About Me

Hey look it's my blog. It boasts features such as a garishly unprofessional custom colour scheme and hugely irregular updates. It is a personal autobiography that exists more for the sake of its writer than its readers. There are many hats and cats involved, and Batman gets his fair share. Basically it's great and everyone should read it. Please care about me and think that I'm cool.

Wednesday, 25 September 2013

Being a Big Boy

I am eating tinned peaches. I used to be told when I was going to eat tinned peaches, but now I can eat them whenever I like because I am an independent young man. I am living with four other independent young men, all of whom took gap years of their own. They are all pretty good lads. This one guy likes climbing, and this other guy likes war games and other stuff.

I thought freshers would week would be super lame and stupid. I gathered from other people's experiences that it was basically just a festival of intoxication, where school children revel in their new found independence, embracing all of its freedoms and few of its responsibilities. It seemed that there were two possibilities on fresher's week: waking up with no recollection of where you had been the previous evening, or waking up with a firm recollection of locking yourself in your room the night before. Whilst that may be the case for some universities, my experience in Sheffield has left me feeling that such concerns were needless and uninformed. Let me tell you all about the fun I've been having, because that is why you are here.

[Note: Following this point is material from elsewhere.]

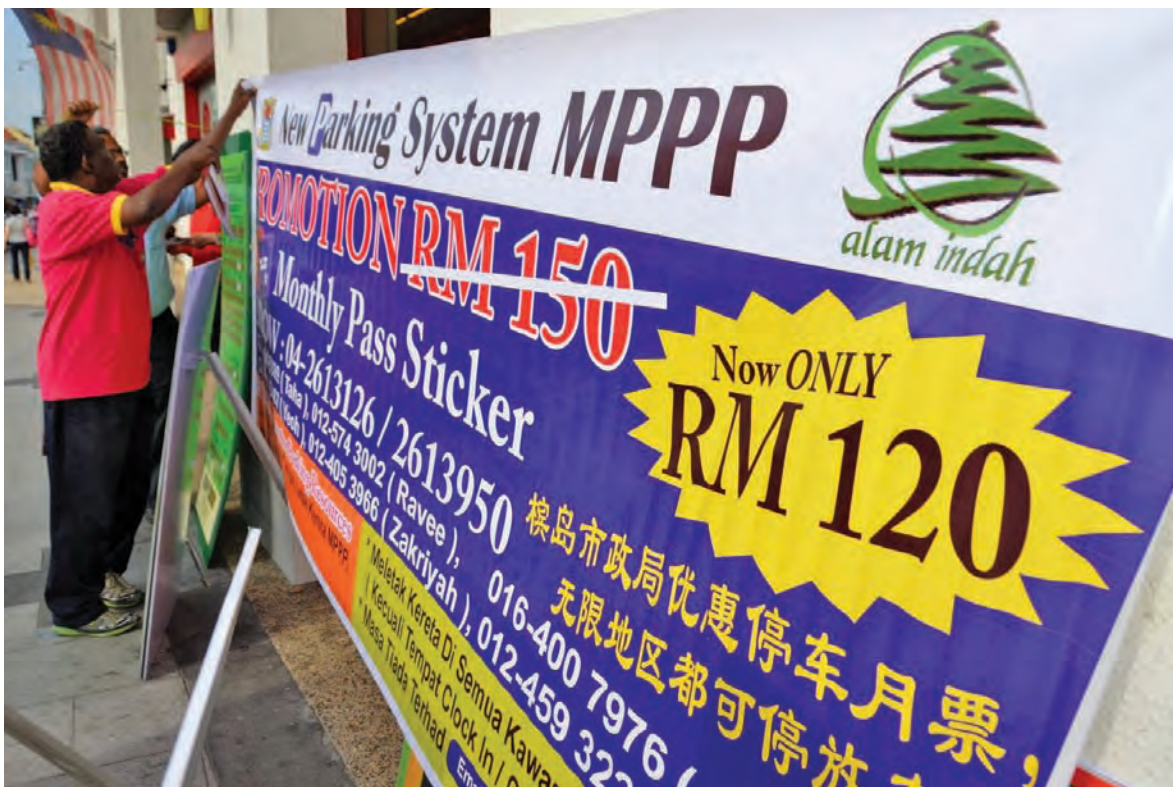
槟岛市政局宣布，基于停车固本短缺，槟岛市政局决定暂时冻结停车收费，公众人士在这段期间在槟岛将获得免费停车的优惠，直至另行通知为止。（档案照）

“州政府已在去年十月决定延迟实行这项新制度，把实行日期从2013年11月4日展延至2014年1月1日，以允许槟岛市政局和有关特许经营权公司有更多的时间来解决当时面对的问题。”

A couple of nights ago was the fresher's frat party. I found out that 'frat' is short for 'fraternity', which is basically some mega-silly American idea. It cost a whole fiver, which was a worryingly high percentage of my finances at the time. I decided no to go, and instead went to a Jazz Night at The Interlude bar/cafe with my flatmate John. We acted super classy and clapped all the jazz. John thought it was funny that I didn't want to talk to girls, I thought it was funny that he didn't want to dance with them. There's a right way of dancing to jazz, and I don't know it. All swingy like. Still, I was up on the floor doing jazz hands, because they are from jazz.

The internet in my accommodation is wired, so I can't play my top jamz when I'm hotting things up in the kitchen. Speaking of top jamz, I met a guy today at the CU picnic who calls himself Dave the Rave and loves Shai Linne. That is funny because David Glover matches that description, but this guy was a different guy from David Glover. He complimented my hat, we started talking and within twenty minutes or so we were on the ground, confusing onlookers as we engaged in a finger joust (they have a website, apparently), which I won. Everybody had already seen me rescue a Frisbee from the roof of the bandstand, so now they all know I'm super cool and you shouldn't mess with you. I also met a Christian guy who's on my course. I'd been praying that I meet some Christian friends, and now they're basically falling out of my ears. Tha's what happens.

The whole independent study thing is treating me well. I didn't actually get the grades I need for my course, and I'm finding my position of academic underdog pretty motivating. Also the fact that I don't want to be wasting nine grand and then some a year. Talkin' bout calender's on my wall, calendars on the internet, online to do lists, and bare other organisational tricks. I'm going to study hard and win my course, so y'all better watch out.

Today's lesson was robots. I'm studying Robotic and Mechatronic engineering, so nearly all of the lessons are robots. We were making LEGO mindstorm guys compete in an obstacle course. There was a point during the session when our contestant seemed pretty adequately equipped with an impressive algorithmic repertoire. Little dude was following lines, turning at walls and picking up balls, and I felt like I had played a significant role in the whole development process. Trouble is, we spend the whole time optimising things while we were still programming, and some of the optimisations weren't so optimal. It was looking doubtful, but then a few flustered tweaks on my part in the last thirty seconds plunged the situation into downright dire. Our robot went forward in half centimetre jolts for about ten seconds, before devoting itself entirely to to doing backwards doughnuts with all the pointless resolve that a machine can muster. The antics of about eighty percent of the other participants were similar to that of our own, but it was still a little gutting that nobody got to see anything that we'd achieved. If anything was gained from the experience, it is that I have learnt the truth of that timeless engineering aphorism: 'If it ain't broke, don't fix it.'

I'm having lots of fun. Thanks for choosing to spend some of your time reading this consequenceless claptrap. General Norman and the boys will play you out.